ASSIGNMENT: Return the listing that follows exactly, with no pictures included.

DATA SHOWN:
= Beginning of Section =

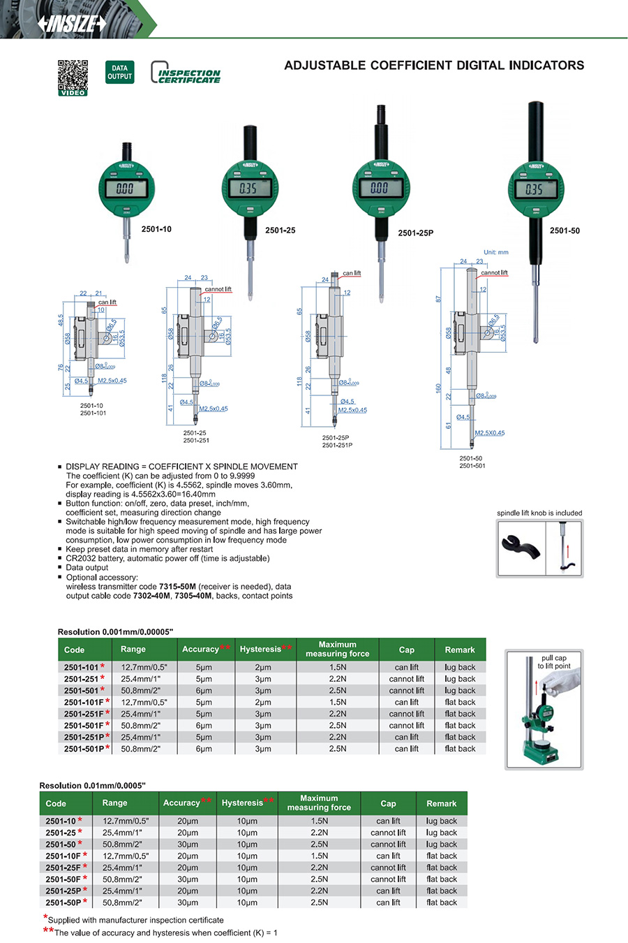 2501-101 12.7mm/0.5" 5µm 0.001mm/0.00005"
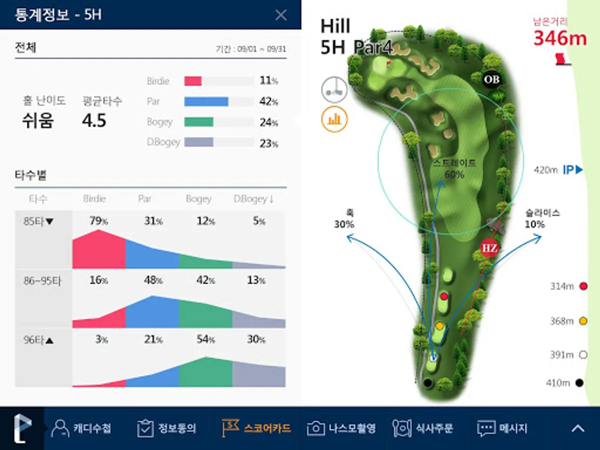 내장객의 스코어카드 및 나스모영상 제공을 기본으로 홀별 흥미롭고 유익한 라인딩정보를 제공함으로 유저들의 골프 라운딩의 실력향상에 대한 정보를 제공하는 서비스입니다.
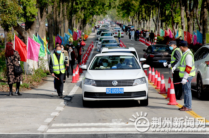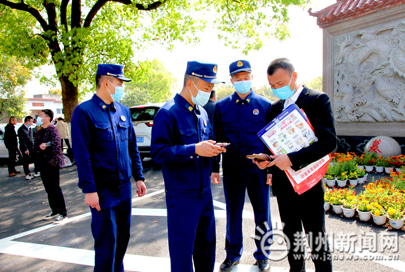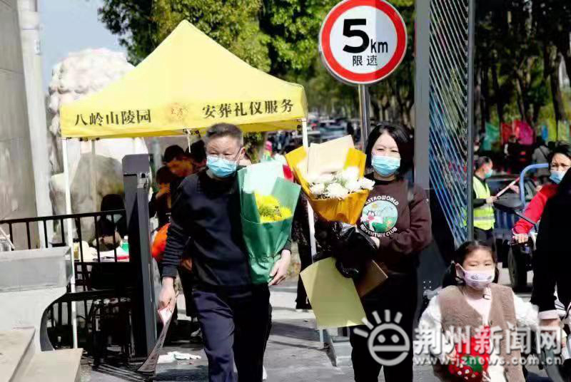 “请出示一下健康码、行程码,请戴好口罩……”公墓陵园出入口,荆州市殡仪馆工作人员同公墓陵园相关负责人组成专班,查验市民健康码和行程码,检查外省来荆祭扫人员是否携带48小时核酸证明。
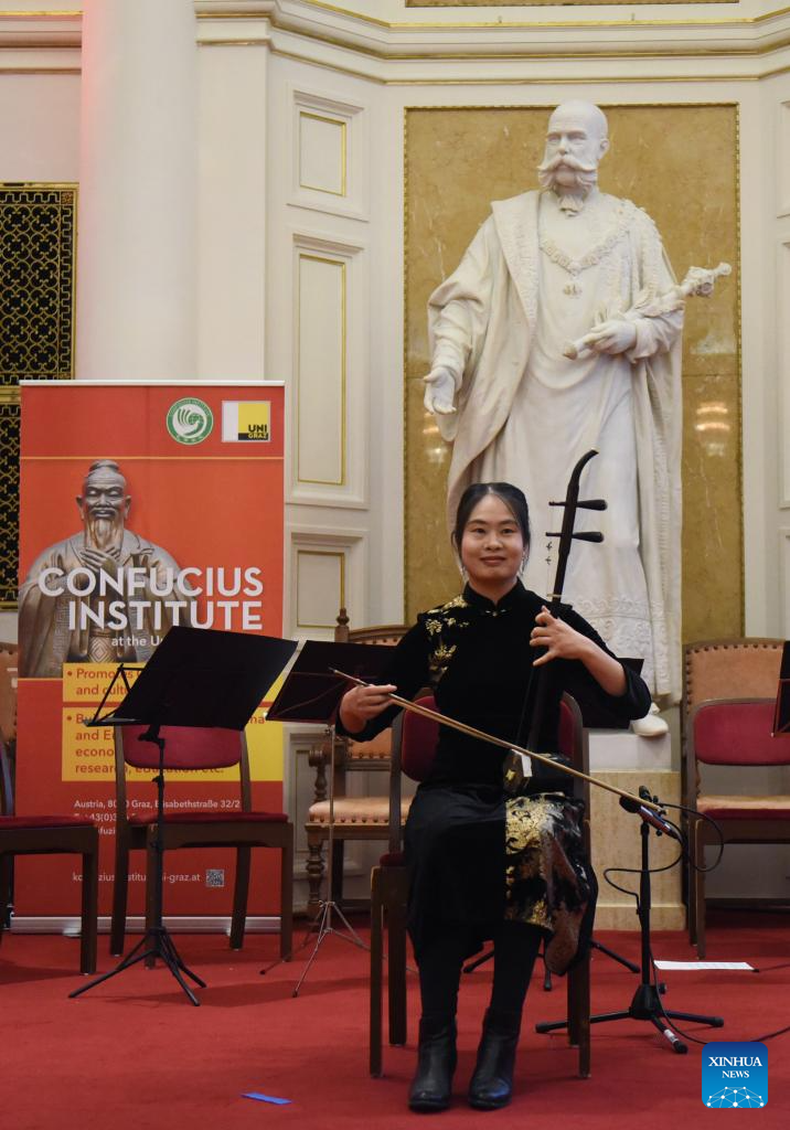 An actress plays Erhu, a traditional Chinese instrument, at a celebration event marking the 15th anniversary of the Confucius Institute of the University of Graz in Graz, Austria, Nov. 21, 2025. (Xinhua/He Canling)

= End of Section =

RESULT OF THE EXERCISE:
 2501-101 12.7mm/0.5" 5µm 0.001mm/0.00005"
 내장객의 스코어카드 및 나스모영상 제공을 기본으로 홀별 흥미롭고 유익한 라인딩정보를 제공함으로 유저들의 골프 라운딩의 실력향상에 대한 정보를 제공하는 서비스입니다.
 “请出示一下健康码、行程码,请戴好口罩……”公墓陵园出入口,荆州市殡仪馆工作人员同公墓陵园相关负责人组成专班,查验市民健康码和行程码,检查外省来荆祭扫人员是否携带48小时核酸证明。
 An actress plays Erhu, a traditional Chinese instrument, at a celebration event marking the 15th anniversary of the Confucius Institute of the University of Graz in Graz, Austria, Nov. 21, 2025. (Xinhua/He Canling)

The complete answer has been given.